Fort Atkinson, Iowa, United States Zoetis Full time

Job Summary

Zoetis is seeking a highly skilled Process Engineer to join our team. As a Process Engineer, you will be responsible for providing biochemical process engineering support for formulation, testing, and reagent beads. You will utilize industry best practices and your expertise in biochemistry to measure, analyze, and specify requirements that lead to best-in-class quality products and design for manufacturability.

Key Responsibilities

  • Improve testing methods and quality control measures for reagents, incoming materials, standards, and controls.
  • Perform reagent and finished product testing as needed, utilizing common analytical methods such as UV-Vis, FTIR, DSC, TGA, MFI, stress strain, SEM, etc.
  • Build test finished products as necessary as part of root-cause investigation.
  • Investigate root cause of production issues impacting product quality or yield, support implementation of improvement and countermeasures.
  • Identify sources of variation (procedure, process, equipment, people) within the manufacturing process and design solutions.
  • Recognize the need for and embrace the concept of continuous improvement, creating new ideas and recommendations based on engineering data, facts, and observations.
  • Collect process data, perform trending, and statistical evaluation to monitor process performance to understand stability and areas for improvement.
  • Effectively partner with and motivate enabling support teams to improve operations for the advancement of the whole site and company.
  • Maintain quality control and safety standards.
  • Actively contribute to meeting business objectives around compliance, cost savings, and potentially capital spend requirements.
  • Assist in completing validation activities as required.
  • Assist in non-conformance and CAPA investigations.
  • Update procedures as necessary.

Requirements

  • BS/MS in Chemistry, Chemical Engineering, Material Engineering, and/or Biology with 2+ years of experience in a manufacturing environment.
  • Food and Drug Administration, USDA, and/or Drug Product Formulation is required.
  • Experience with lyophilization and test methods validation is preferred.
  • Demonstrated ability to interact effectively with colleagues and management across departmental boundaries.
  • Candidate must possess flexibility and agility to respond to constantly changing conditions and priorities.
  • Proficient computer skills such as Excel, Word, MS Visio, JMP, Minitab, or similar software.
  • Must be willing to quickly learn and become proficient in common systems used to manage the business - to include production schedule, quality deviations, ERP system, and change control.
  • Work Environment: Colleague must work onsite, be able to lift at least 50 pounds, and work near moving mechanical parts with moderate noise level where the use of hearing protection is optional and eye protection is required.

What We Offer

Zoetis offers a competitive and comprehensive benefits package, which includes healthcare, dental coverage, and retirement savings benefits along with paid holidays, vacation, and disability insurance. This position is eligible for short-term incentive compensation.

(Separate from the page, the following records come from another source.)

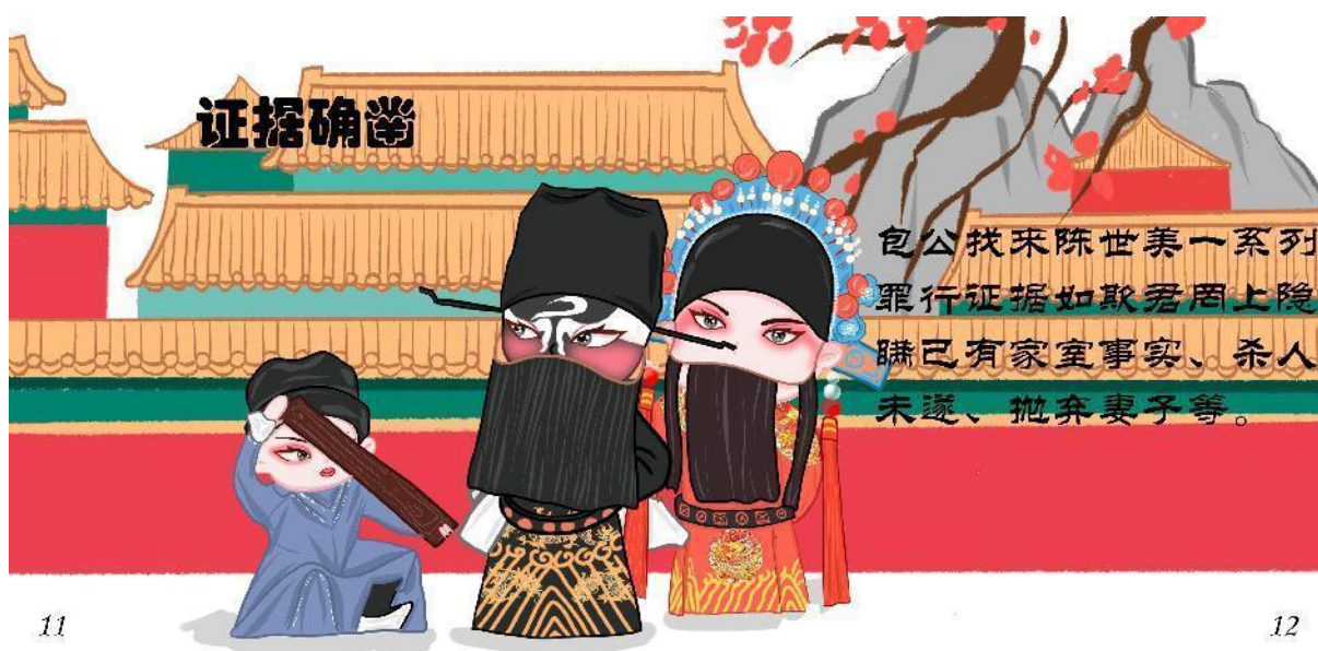
8Figure 3-9 Conclusive evidence
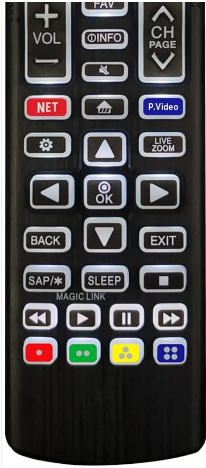
Image: The Piudekei AKB75095307 Backlit Replacement Remote Control, showcasing its button layout.
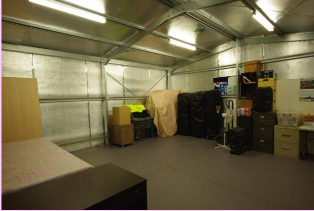
Inside shed showing the grey painted floor

Dave Peters is continuing to be hard at work in the Depot. Most recently he has painted the floor in the meeting, kitchen and toilet areas. The concrete path leading to the small entry door has been laid and is being used.
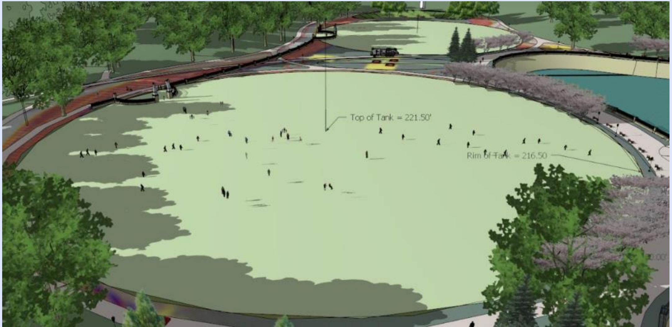
New Open Park Space atop Tanks
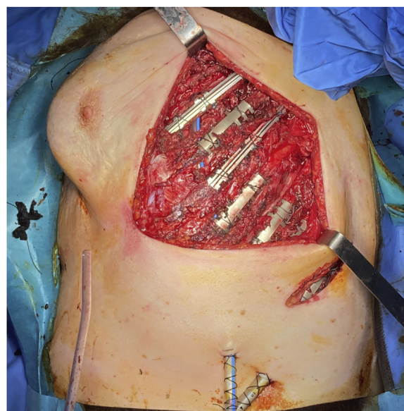
Fig. 2. Intra-operative pictures at the end of the fixation, showing the metallic plates in place: two SLP on the second and fourth rib and six JP on the third, fifth, sixth, seventh and eighth rib. The sutures around the plates are also visible, two for each plate.

Postoperative chest-x-ray showed the correct positioning of the plates (Fig. 3). Mechanical ventilation was continued for three days and then weaning was started. The weaning was completed in two weeks and the patient was supported through non-invasive ventilation for seven days more. No paradoxical movement of the left chest wall was observed during spontaneous respiration and the chest wall adequately expanded. The patient left the ICU 49 days after the admission and was sent to an inpatient rehabilitation facility. A respiratory support with a high-flow nasal cannula was initially necessary, then the support was shifted to conventional oxygen therapy, similar to that previously required by the patient. Unfortunately, an unexpected bilateral pneumonia developed during recovery, with a rapid deterioration of the respiratory function. The patient was readmitted to the ICU and died 6 days after, that is 3 months after the trauma.
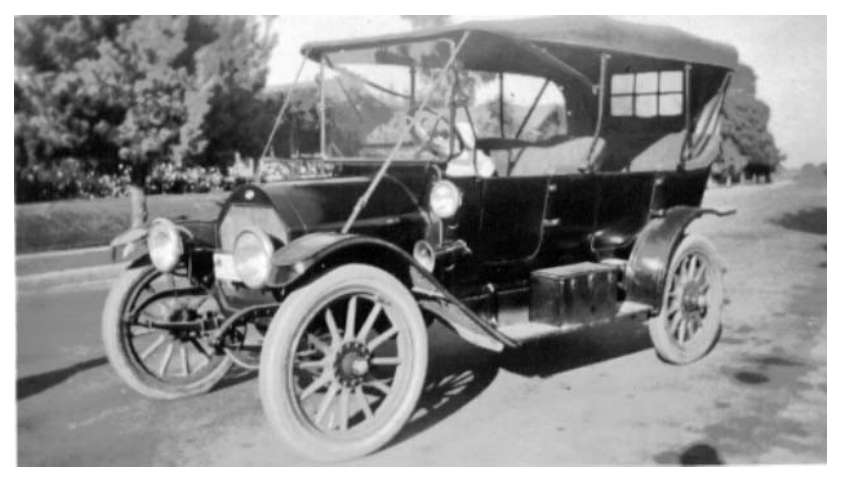
My parents' second car, a Buick.
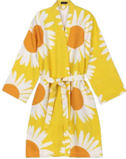
Marimekko Auringonkukka Beach Robe
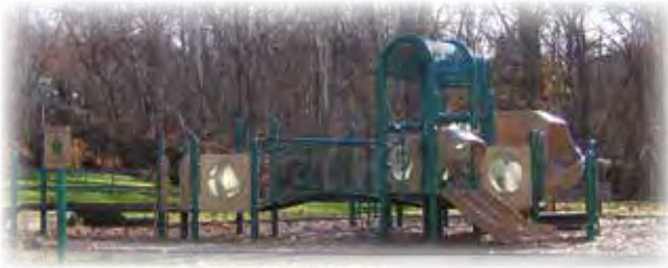
Muriel H. Morabito Community Center Playground 29 West Brook Drive, Cortlandt Manor
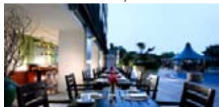
Raffles Singapore - Restaurant Alligator Pear

The luxury 103-room hotel, a favourite watering hole of literary figures including Somerset Maugham and Rudyard Kipling, is said to be set to be acquired from Fairmont Raffles Hotels International by Qatari Diar, part of the state-controlled sovereign wealth fund, the Qatar Investment Authority.
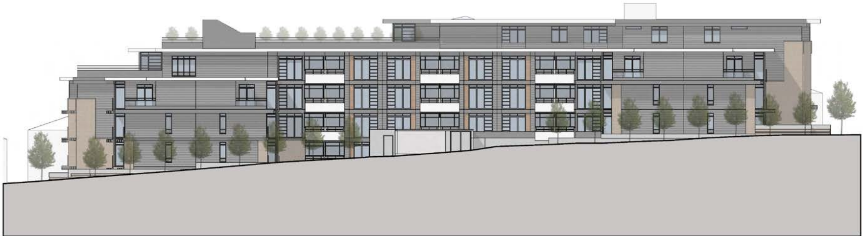
East Elevation (Lane)
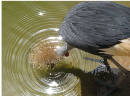
Grey crowned crane, at Al Ain Zoo

No details available yet - might be an evening trip, when the animals venture out of shelter. Watch this space (or watch for an email). This is one for the whole family, too.
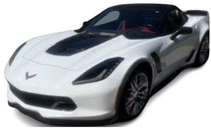
Pre-Owned 2019 Arctic White Z06 3LZ Auto
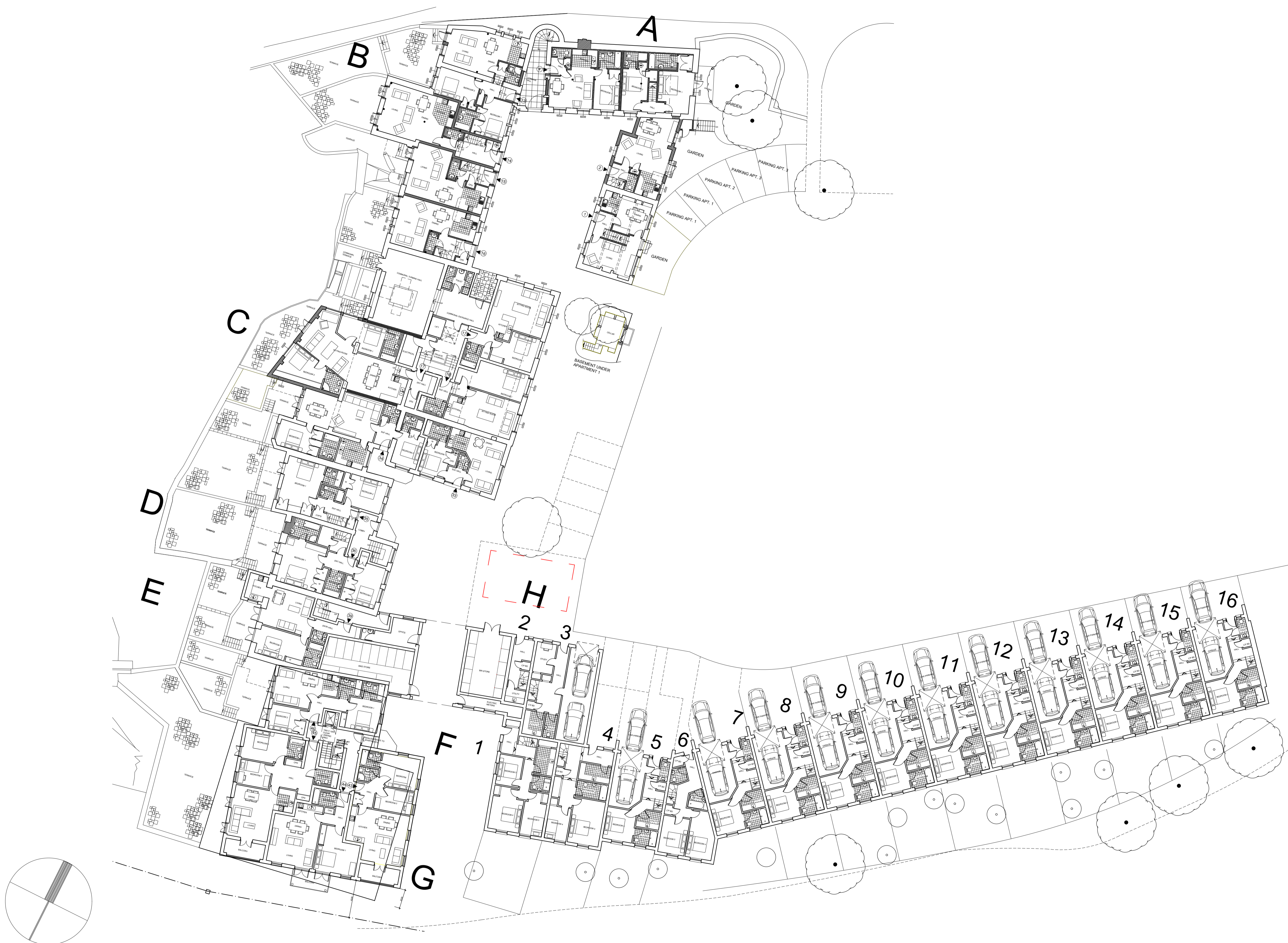
WESTWOOD MILL, LINTHWAITE - GROUND FLOOR BLOCK A-H

Notes: Do not scale from this drawing. Contractor to take and check all dimensions on site before work commences. Discrepancies to be reported to architect. Subcontractors to verify all dimensions on site before making shop drawings or commencing manufacture. This drawing is copyright.
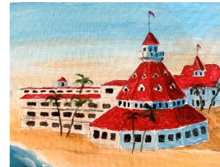
JULY 27 The Del
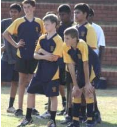
U14 Rugby players watched enthralled as they learn from their heroes from the 1 st XV at the U14 Rugby Camp last term
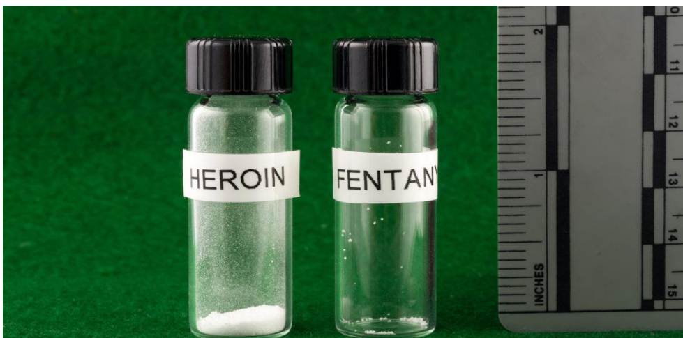
Figure 1: Fatal doses of heroin and fentanyl.

It is difficult to address the issue of dealers lacing their drugs and may prove to be a progressing issue. A drug called carfentanil, which is roughly one hundred times more potent than fentanyl, is now appearing in drugs sold on the streets. According to an article from the Huffington Post, “the drug is so powerful, a tiny 20-microgram dose — about the size of a grain of salt — can be fatal” (Lambert, 2016). Overdoses are becoming an increasing issue because users are already injecting a dangerous amount of substances through heroin, without knowing that the dose is mixed with another drug one hundred times stronger; the extent of which is evident in Figure 1 below (Bond, 2016).
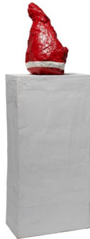
Mario Sironi, Ciclista , (c.1920 estimate: €3,000-5,000) and Franz West, Senza titolo , (1991, estimate: €30,000-40,000)
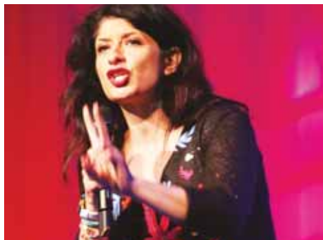
Shaparak Khorsandi: 'It was the 90s Comedy' - Saturday 9 July
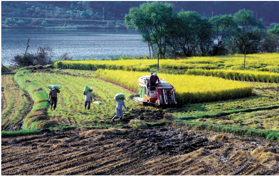
Mechanization of agriculture Modernization of rural residence
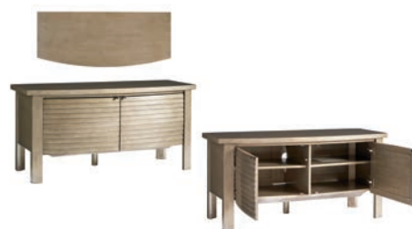
9727-1-AP Lumina Media Console 58W x 24D x 28H in. Antique Pewter finish. Bow front; 2 louvered doors; 2 adjustable shelves, media/component storage; five outlet surge suppressor; cord management; ventilation. Shown on page 8
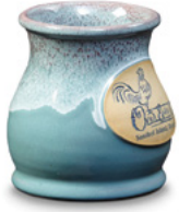
Seafoam w/Rose White Round Belly
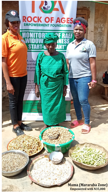
Mama (Mararaba Zone) Empowered with N35,000

Equal Opportunity Employer

Zoetis is an equal opportunity employer and welcomes applications from diverse candidates. We are committed to equal opportunity in the terms and conditions of employment for all employees and job applicants without regard to race, color, religion, sex, sexual orientation, age, gender identity or gender expression, national origin, disability, or veteran status or any other protected classification.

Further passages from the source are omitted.